(TASK BRIEF) Each line below from the "Открытка детская А5." line through the "住过小户型的人应该都遇到过,买个双开门冰" line, those two included, must be restated word for word; the pictures must not be.

(TASK DATA)
▼
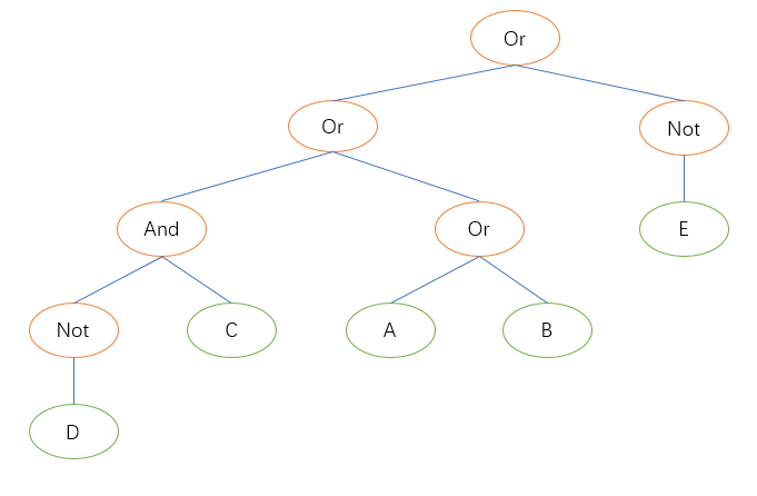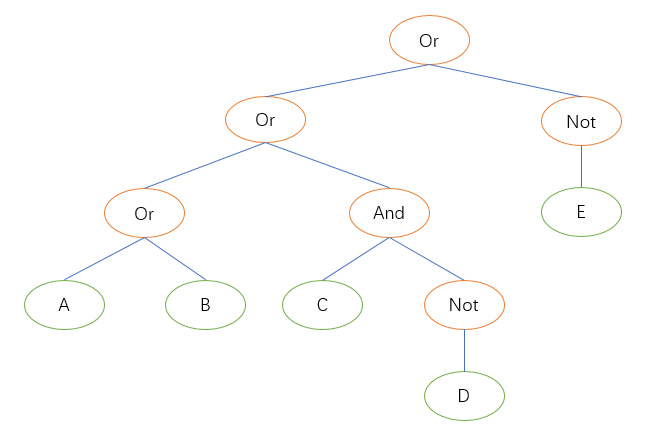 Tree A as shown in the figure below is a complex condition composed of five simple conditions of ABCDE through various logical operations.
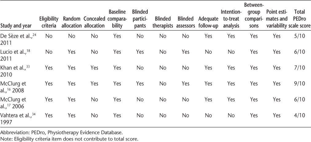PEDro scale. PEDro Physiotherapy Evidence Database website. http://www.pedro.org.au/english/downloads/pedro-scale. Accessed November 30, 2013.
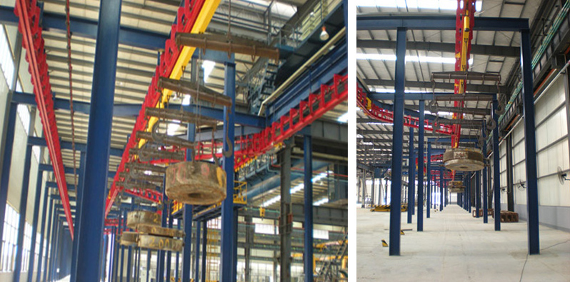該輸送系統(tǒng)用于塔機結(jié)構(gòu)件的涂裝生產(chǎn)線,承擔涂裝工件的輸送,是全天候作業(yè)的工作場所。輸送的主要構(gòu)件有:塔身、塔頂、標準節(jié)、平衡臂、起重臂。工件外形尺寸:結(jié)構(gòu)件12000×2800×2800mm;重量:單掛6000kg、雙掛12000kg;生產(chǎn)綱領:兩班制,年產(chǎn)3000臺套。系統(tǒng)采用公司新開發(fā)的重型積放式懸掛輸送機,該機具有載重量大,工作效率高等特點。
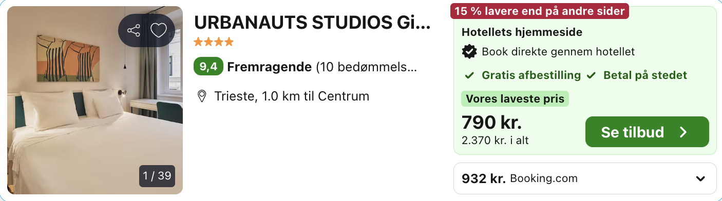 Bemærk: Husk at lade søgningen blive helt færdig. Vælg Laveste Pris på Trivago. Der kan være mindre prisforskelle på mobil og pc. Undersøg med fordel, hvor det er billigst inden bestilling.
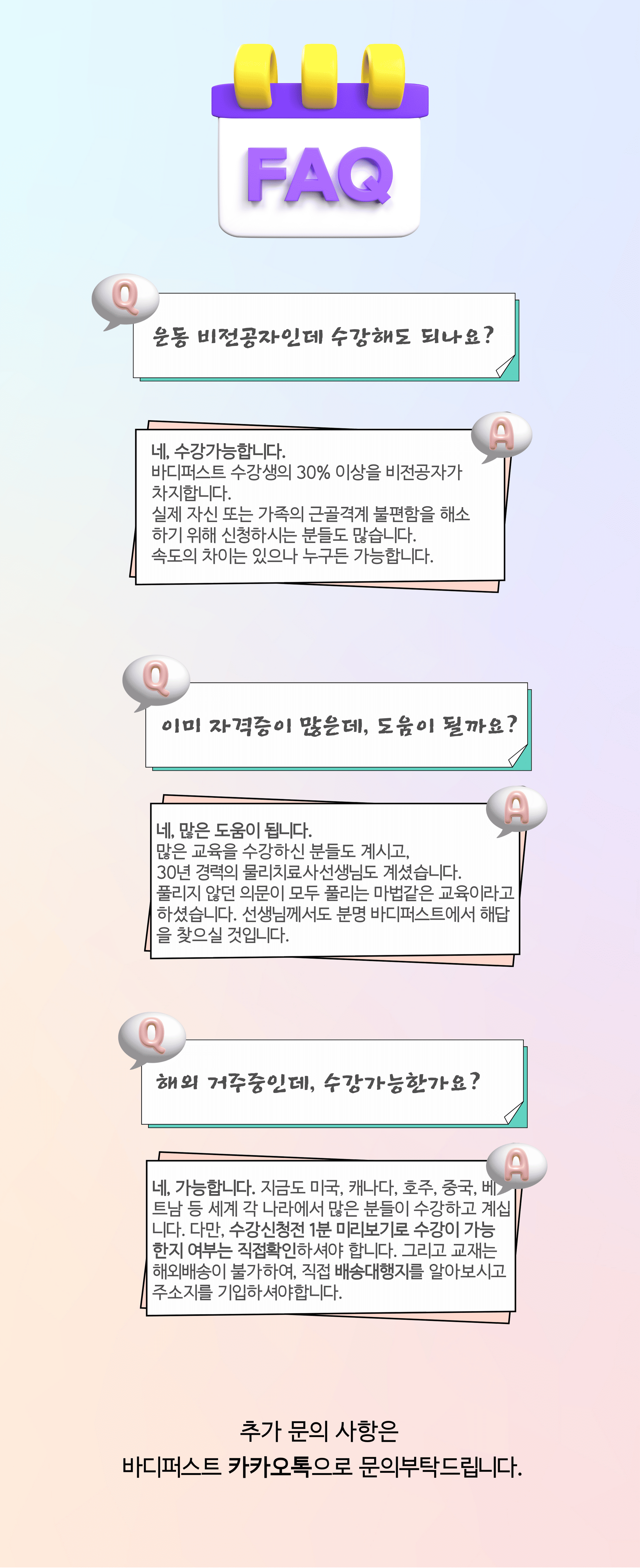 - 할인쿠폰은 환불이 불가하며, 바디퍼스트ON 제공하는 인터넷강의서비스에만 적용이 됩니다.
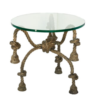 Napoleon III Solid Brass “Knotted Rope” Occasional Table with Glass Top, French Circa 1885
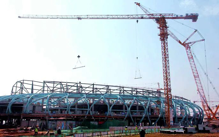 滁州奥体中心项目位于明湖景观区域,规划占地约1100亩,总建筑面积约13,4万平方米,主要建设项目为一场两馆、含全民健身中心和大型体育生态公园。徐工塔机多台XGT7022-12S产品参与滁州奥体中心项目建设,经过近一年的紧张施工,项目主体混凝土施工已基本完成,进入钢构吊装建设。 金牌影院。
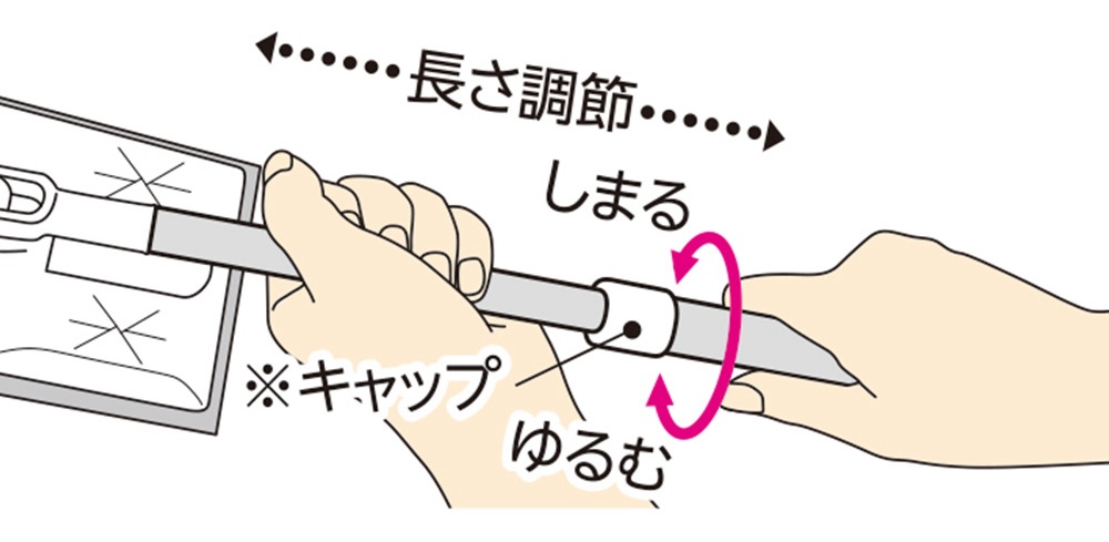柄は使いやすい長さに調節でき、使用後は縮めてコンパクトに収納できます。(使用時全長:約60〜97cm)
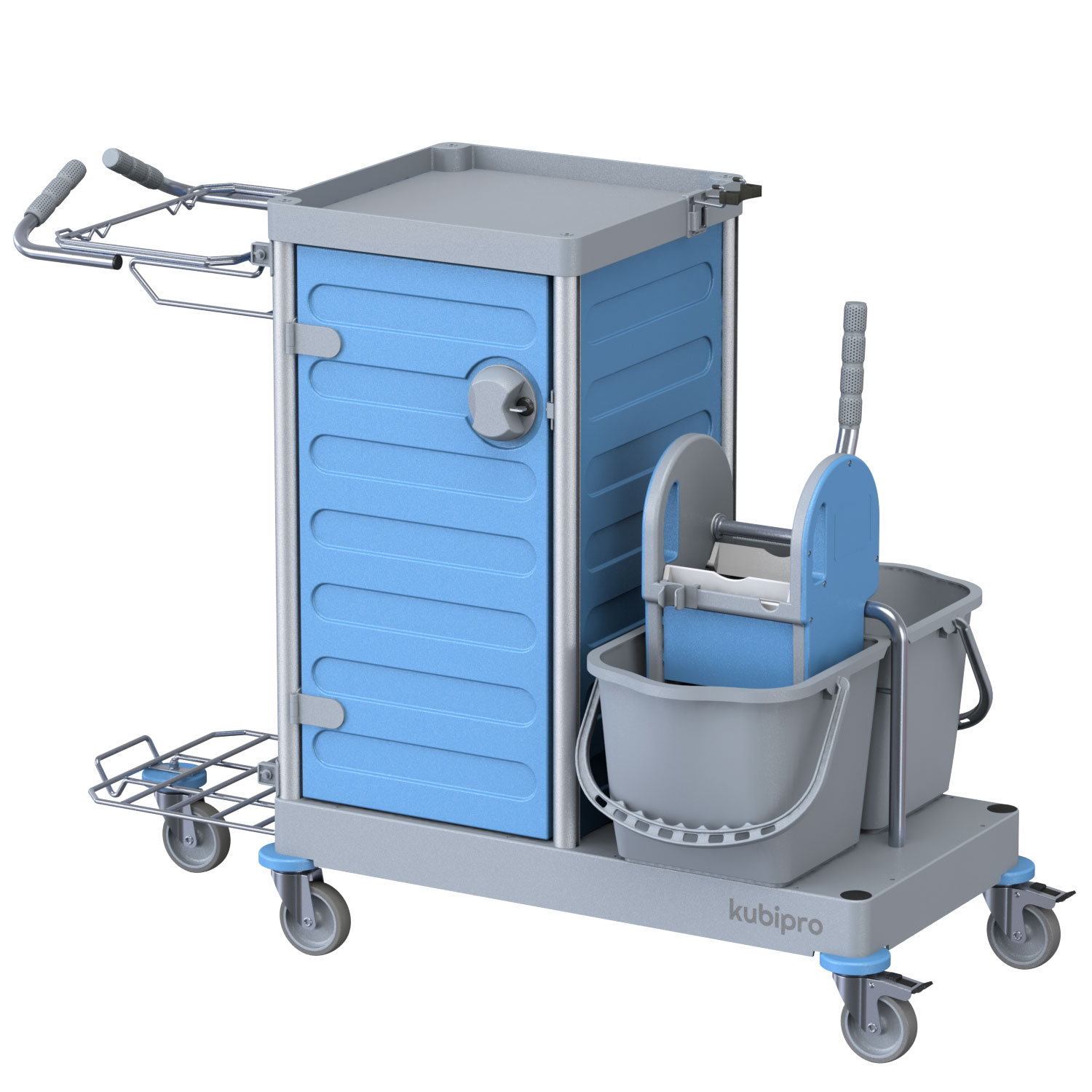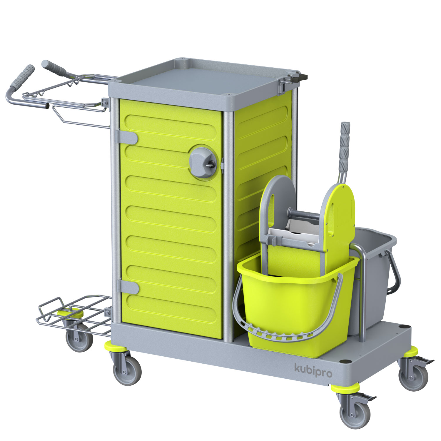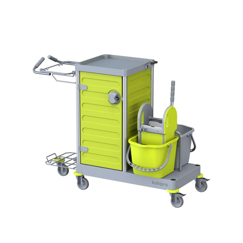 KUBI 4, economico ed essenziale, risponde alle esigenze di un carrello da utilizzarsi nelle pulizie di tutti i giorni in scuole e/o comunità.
▲
▼
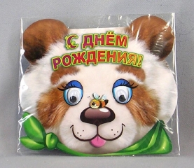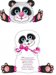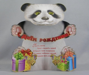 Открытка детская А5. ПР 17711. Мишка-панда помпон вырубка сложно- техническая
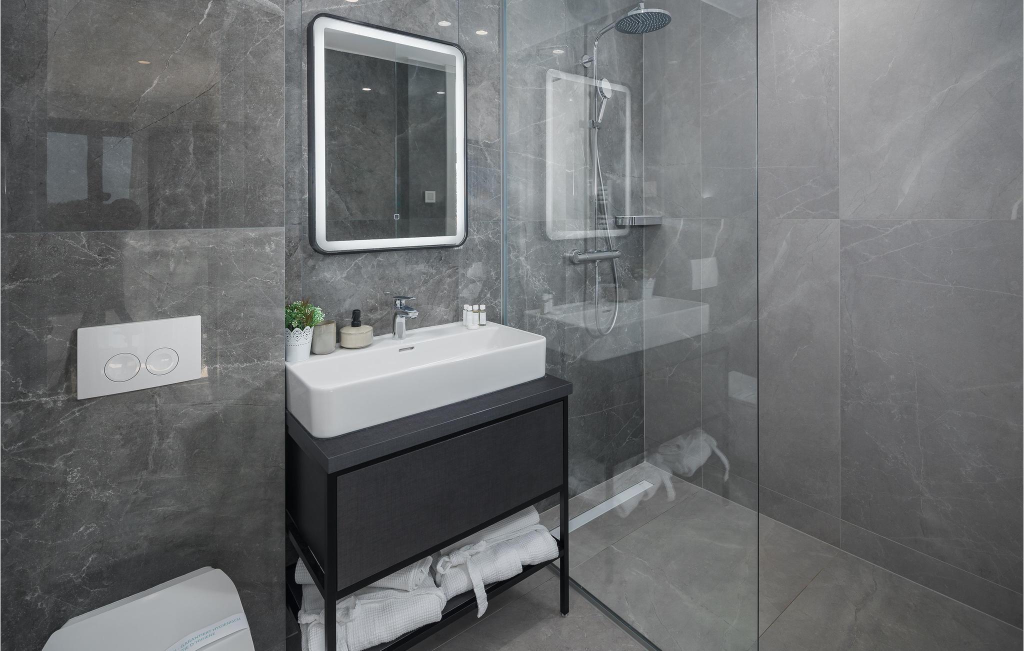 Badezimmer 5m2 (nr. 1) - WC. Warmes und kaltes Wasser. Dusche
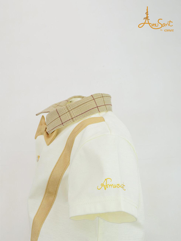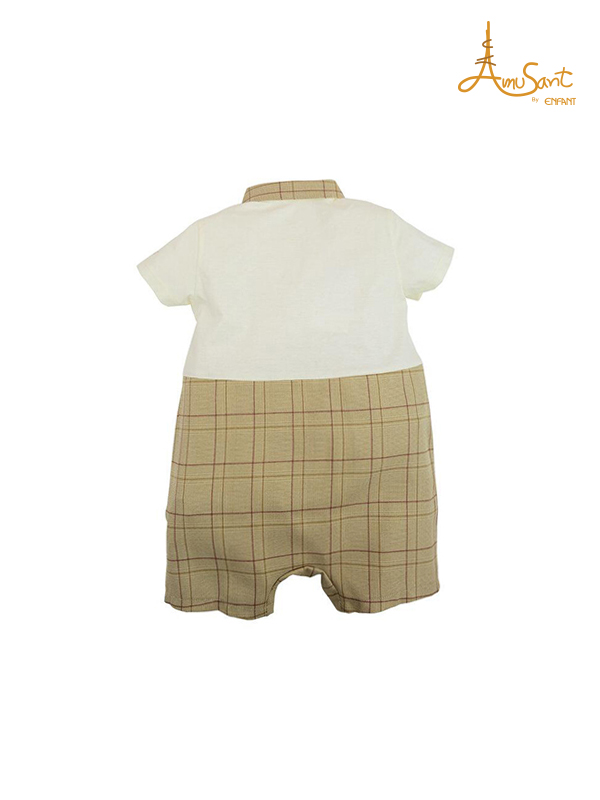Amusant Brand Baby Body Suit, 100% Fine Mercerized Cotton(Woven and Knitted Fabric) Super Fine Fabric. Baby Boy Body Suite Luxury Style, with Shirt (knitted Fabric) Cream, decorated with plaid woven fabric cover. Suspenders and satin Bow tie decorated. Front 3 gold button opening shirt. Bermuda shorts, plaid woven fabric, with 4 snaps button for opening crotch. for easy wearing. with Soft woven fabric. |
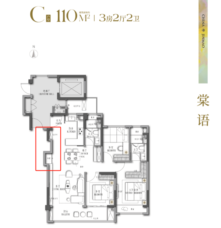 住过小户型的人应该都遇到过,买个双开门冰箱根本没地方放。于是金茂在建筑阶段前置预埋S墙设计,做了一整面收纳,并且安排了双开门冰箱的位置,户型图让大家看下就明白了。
▲
(EXPECTED ANSWER)
 Открытка детская А5. ПР 17711. Мишка-панда помпон вырубка сложно- техническая
 Badezimmer 5m2 (nr. 1) - WC. Warmes und kaltes Wasser. Dusche
Amusant Brand Baby Body Suit, 100% Fine Mercerized Cotton(Woven and Knitted Fabric) Super Fine Fabric. Baby Boy Body Suite Luxury Style, with Shirt (knitted Fabric) Cream, decorated with plaid woven fabric cover. Suspenders and satin Bow tie decorated. Front 3 gold button opening shirt. Bermuda shorts, plaid woven fabric, with 4 snaps button for opening crotch. for easy wearing. with Soft woven fabric. |
 住过小户型的人应该都遇到过,买个双开门冰箱根本没地方放。于是金茂在建筑阶段前置预埋S墙设计,做了一整面收纳,并且安排了双开门冰箱的位置,户型图让大家看下就明白了。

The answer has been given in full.